Hello and welcome to TSF
ATI has released a hotfix for some 3d games that includes a fix for Sims 3
here is the link:
http://support.amd.com/us/kbarticles/Pages/Hotfixfor3DGames.aspx


----------



## jasondm4 (Aug 22, 2009)

RockmasteR said:


> Hello and welcome to TSF
> ATI has released a hotfix for some 3d games that includes a fix for Sims 3
> here is the link:
> http://support.amd.com/us/kbarticles/Pages/Hotfixfor3DGames.aspx


Yeah ive already installed that and it didnt help


----------



## RockmasteR (Aug 10, 2007)

try to see if you can disable one card and keep the other from your ATI control panel, some games are just not to friendly with two video cards


----------



## jasondm4 (Aug 22, 2009)

RockmasteR said:


> try to see if you can disable one card and keep the other from your ATI control panel, some games are just not to friendly with two video cards


ive already tried that also i even took out the other card completly and tested each card seperatly and got the same performance


----------



## Sanc7ified (Jun 9, 2007)

Yeah, I let my girlfriend install sim city 4 on my pc, and it ran like complete crap. With the set-up i have, i should beable to run about 10 windows of it, no problem =/


----------



## McNinja (Jun 22, 2008)

Your PSU has 6 12v rails at 128amps and they don't seem to lend power to each other very well with max combined rail's amperage at 87amps. That total was taken from its max continuous peak wattage output of 1050w. They seem to only lend around 70% power to each rail.
Source

This leads me to believe that your PSU can't supply high end video cards properly with sufficient power needed.

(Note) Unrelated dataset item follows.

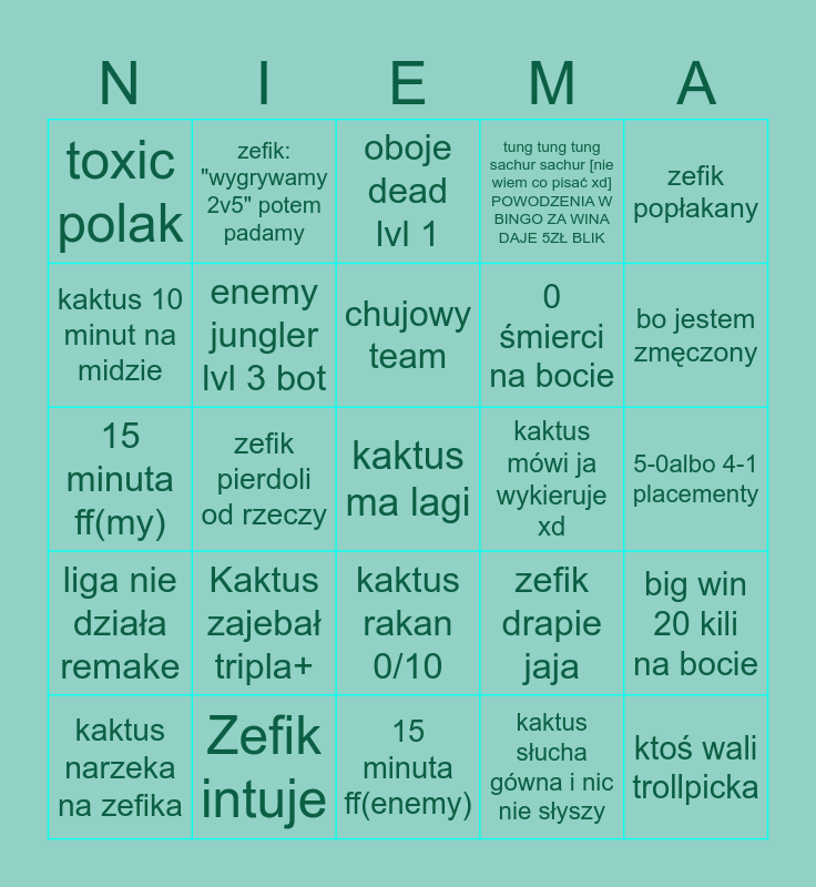 This bingo card has a free space and 24 words: Kaktus zajebał tripla+, Zefik intuje, chujowy team, kaktus narzeka na zefika, zefik popłakany, toxic polak, kaktus 10 minut na midzie, zefik: "wygrywamy 2v5" potem padamy, kaktus mówi ja wykieruje xd, kaktus rakan 0/10, 0 śmierci na bocie, 15 minuta ff(my), zefik drapie jaja, big win 20 kili na bocie, enemy jungler lvl 3 bot, kaktus słucha gówna i nic nie słyszy, 5-0albo 4-1 placementy, oboje dead lvl 1, bo jestem zmęczony, zefik pierdoli od rzeczy, ktoś wali trollpicka, liga nie działa remake, tung tung tung sachur sachur [nie wiem co pisać xd] POWODZENIA W BINGO ZA WINA DAJE 5ZŁ BLIK and 15 minuta ff(enemy).

I would recommend this PSU
Corsair 850w
$140
after rebate $120
_free shipping_


I would also try running Simcity 4 with one CPU enabled. 

start the game
alt tab out of it
Open task manager (right click on task bar and select task manager)
go to Processes
find Simcity4.exe
right click on it and go to _affinity_
make sure only CPU is enabled.


----------